VW executive to face tough question on emissions scandal

FILE - In this Sept. 21, 2015 file photo President and CEO of Volkswagen Group of America, Inc. Michael Horn at the Brooklyn Navy Yard in New York. (AP Photo/Kevin Hagen, File)

WASHINGTON (AP) — Tough questions awaited Volkswagen's top U.S. executive at a congressional hearing Thursday as the emissions-rigging scandal enveloping the world's largest automaker deepened.

Volkswagen of America CEO Michael Horn was to testify before a House subcommittee investigating the company's use of on-board computer software designed to cheat on government emissions tests in nearly 500,000 of its four-cylinder "clean diesel" cars, starting with the 2009 model year.

According to Horn's prepared remarks, VW intends to withdraw applications seeking U.S. emissions certifications for its 2016 model Jettas, Golfs, Passats and Beetles with diesel engines. That raises questions about whether a "defeat device" similar to that in earlier models is also in the new cars.

As a result, VW will leave thousands of diesel vehicles stranded at ports nationwide, giving dealers no new diesel-powered vehicles to sell. It wasn't immediately clear when VW would refile its application, but Horn's testimony said the company was working with regulators to get certification.

The chairman of the House Energy and Commerce Committee, Republican Rep. Fred Upton of Michigan, said "the American public deserves answers. VW needs to come clean."

Separately, German prosecutors searched VW headquarters in Wolfsburg and other locations Thursday seeking material that would help clarify who was responsible for the cheating. The searches were intended to "secure documents and data storage devices" that could identify those involved in the alleged manipulation and explain how it was carried out, prosecutors said in a statement.

It was unclear what the device found in some VW models does. Liz Purchia, a spokeswoman for the Environmental Protection Agency, said VW recently gave the agency information on an "auxiliary emissions control device." The EPA and California Air Resources Board are investigating "the nature and purpose" of the device, she said.

The company said such devices can sense engine performance, road speed "and any other parameter for activating, modulating, delaying or deactivating" emissions controls.

The lack of certification is bad news for American VW dealers, who were hoping to put the new models on sale soon. For some dealerships, the diesel models accounted for about one-third of sales.

Tom Backer, general manager of Lash Volkswagen in White Plains, New York, said his dealership already had lost three deals with potential buyers because he could not get the new cars. "It's definitely a stain on the brand's image," he said.

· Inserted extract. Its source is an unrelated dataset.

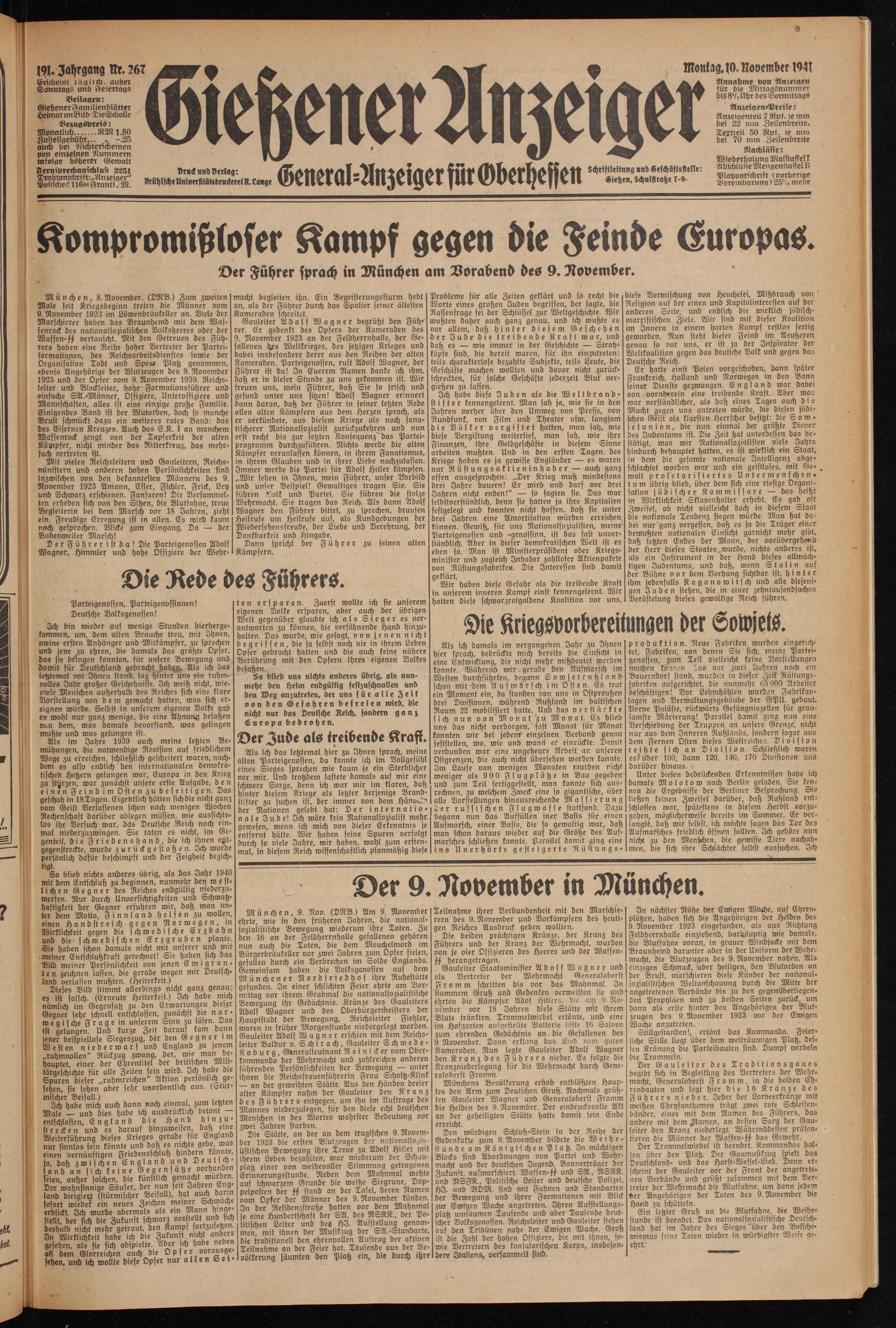 Als ich das letztemal hier zu Ihnen sprach, meine alten Parteigenossen, da konnte ich im Vollgefühl eines Sieges sprechen wie kaum je ein Sterblicher vor mir. Und trotzdem lastete damals auf mir eine schwere Sorge, denn ich war mir im klaren, daß hinter diesem Kriege als letzter derjenige Brandstifter zu suchen ist, der immer von dem Häno^ der Nationen gelebt hat: Der internationale Jude! Ich wäre kein Nationalsozialist mehr gewesen, wenn ich mich von dieser Erkenntnis je entfernt hätte. Wir haben seine Spuren verfolgt durch so viele Jahre, wir haben, wohl zum erstenmal, In diesem Reich wissenschaftlich planmäßig diese

Horn, a 51-year-old German and veteran VW manager who took the reins of the brand's American subsidiary last year, intended to tell lawmakers that he learned about the cheating software "over the past several weeks," VW spokeswoman Jeannine Ginivan said.

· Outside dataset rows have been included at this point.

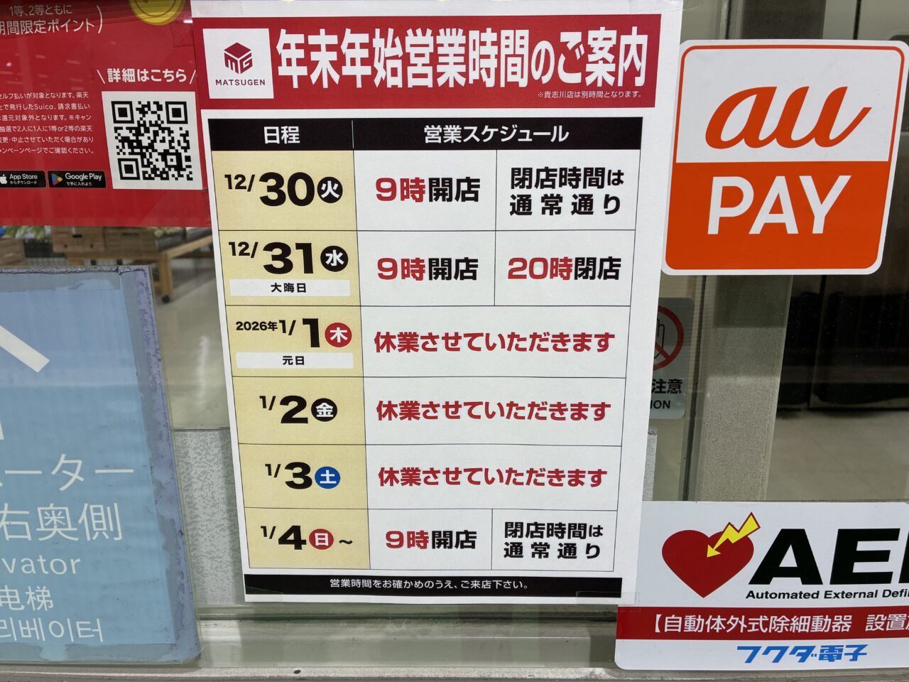 12月31日(水曜日)10時から18時、1月1日(元日)休業、2日(金曜日)10時から19時にそれぞれ変更。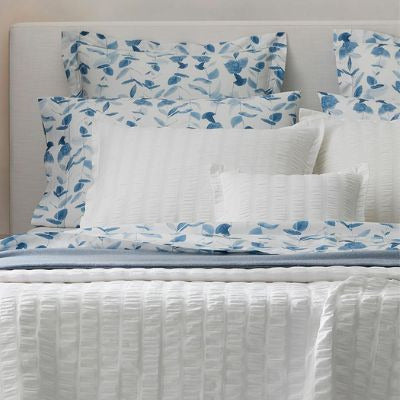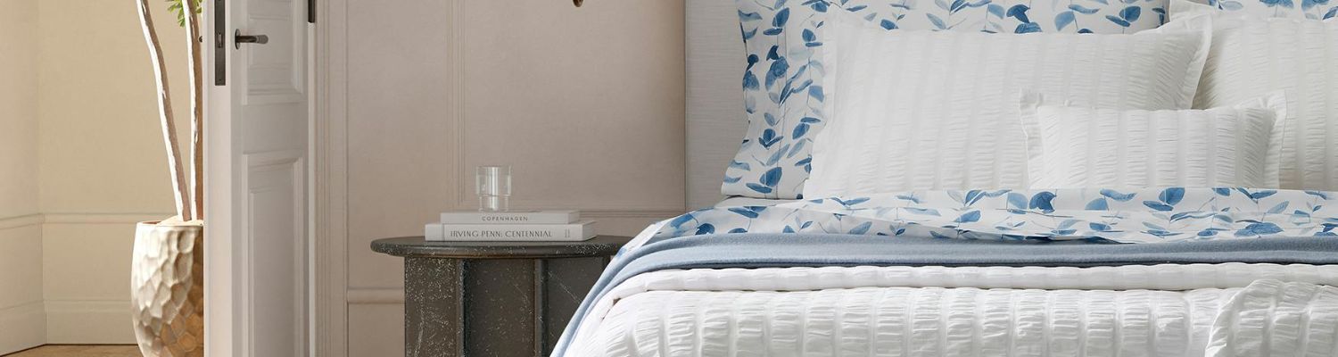 Coverlets and matelassés are a sophisticated option and made to lay between your flat sheet and duvet cover, or be used alone. Choose one with a matte finish for a casual look; a sateen finish for a sleeker vibe; or a matelassé with intricate designs and raised patterns for “quilted” look without the weight.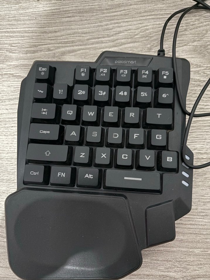 Polosmart siyah tek el klavye, T, FN, G ve Caps lock tuşlarıyla birlikte konforlu bilek desteğine sahiptir.USB girişlidir.

'I did not think that something like this was possible at the Volkswagen Group," Horn said in his prepared remarks. "We have broken the trust of our customers, dealerships, and employees, as well as the public and regulators."

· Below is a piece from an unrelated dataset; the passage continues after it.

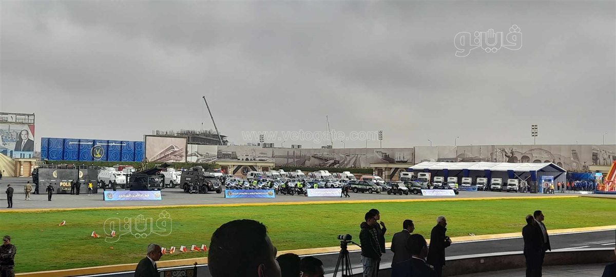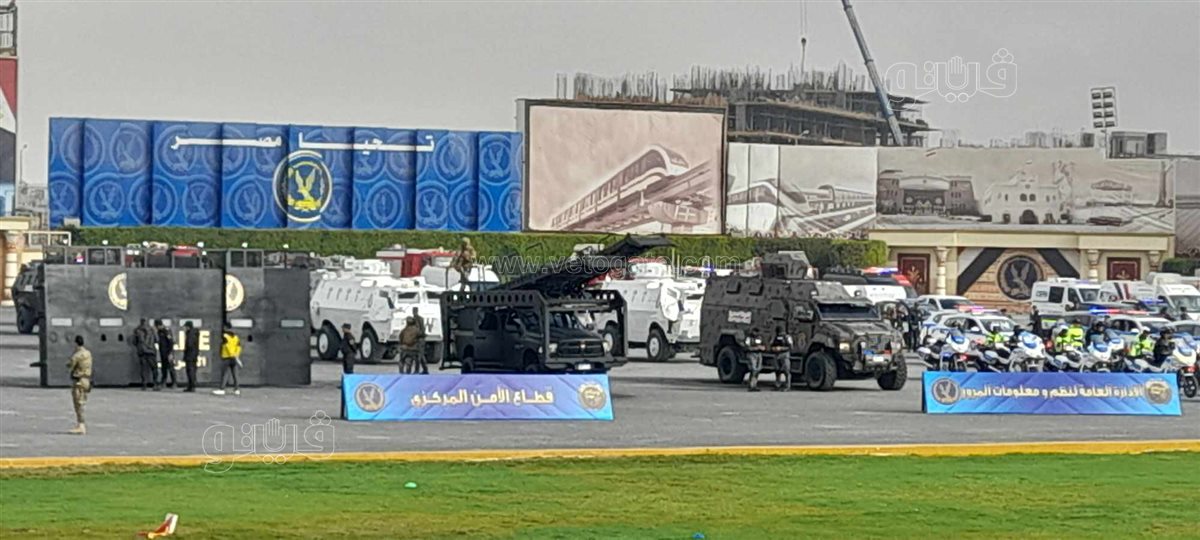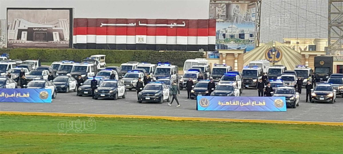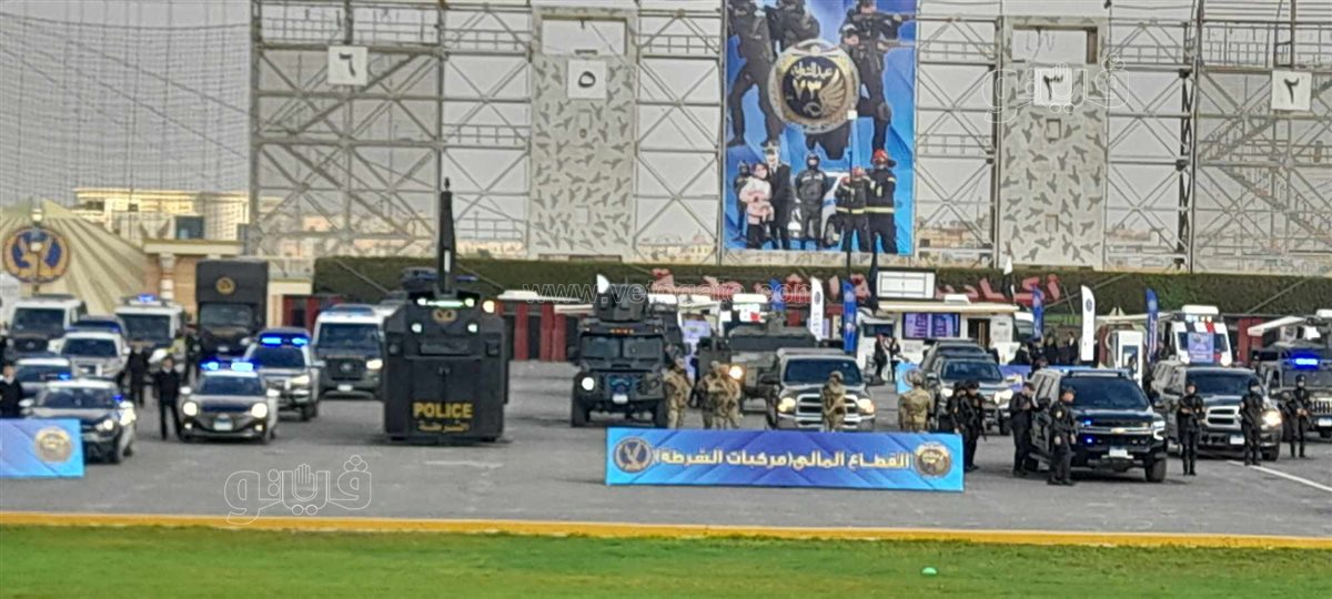 اصطفاف المركبات ومعدات الشرطة في احتفال الداخلية بعيدها 73 بأرض العروض

Also scheduled to testify were EPA officials who oversee emissions testing and compliance with clean air rules.

VW first acknowledged the deception to U.S. regulators on Sept. 3. That was more than a year after researchers at West Virginia University published a study showing the real-world emissions of the company's Jetta and Passat models were far higher than allowed. The same cars had met emissions standards when tested in the lab.

VW was able to fool the EPA because the agency only tested the cars on treadmill-like devices called dynamometers and did not use portable test equipment on real roads. The software in the cars' engine-control computers determined when dynamometer tests were under way. It then turned on pollution controls that reduced the output of nitrogen oxides that contribute to smog and other pollution, the EPA has said.

Only when the EPA and California regulators refused to approve VW's 2016 diesel models for sale did the company admit earlier what it had done.

Though VW and U.S. regulators have not yet announced a fix for illegal emissions under a nationwide recall, Horn was prepared to the company was "determined to make things right."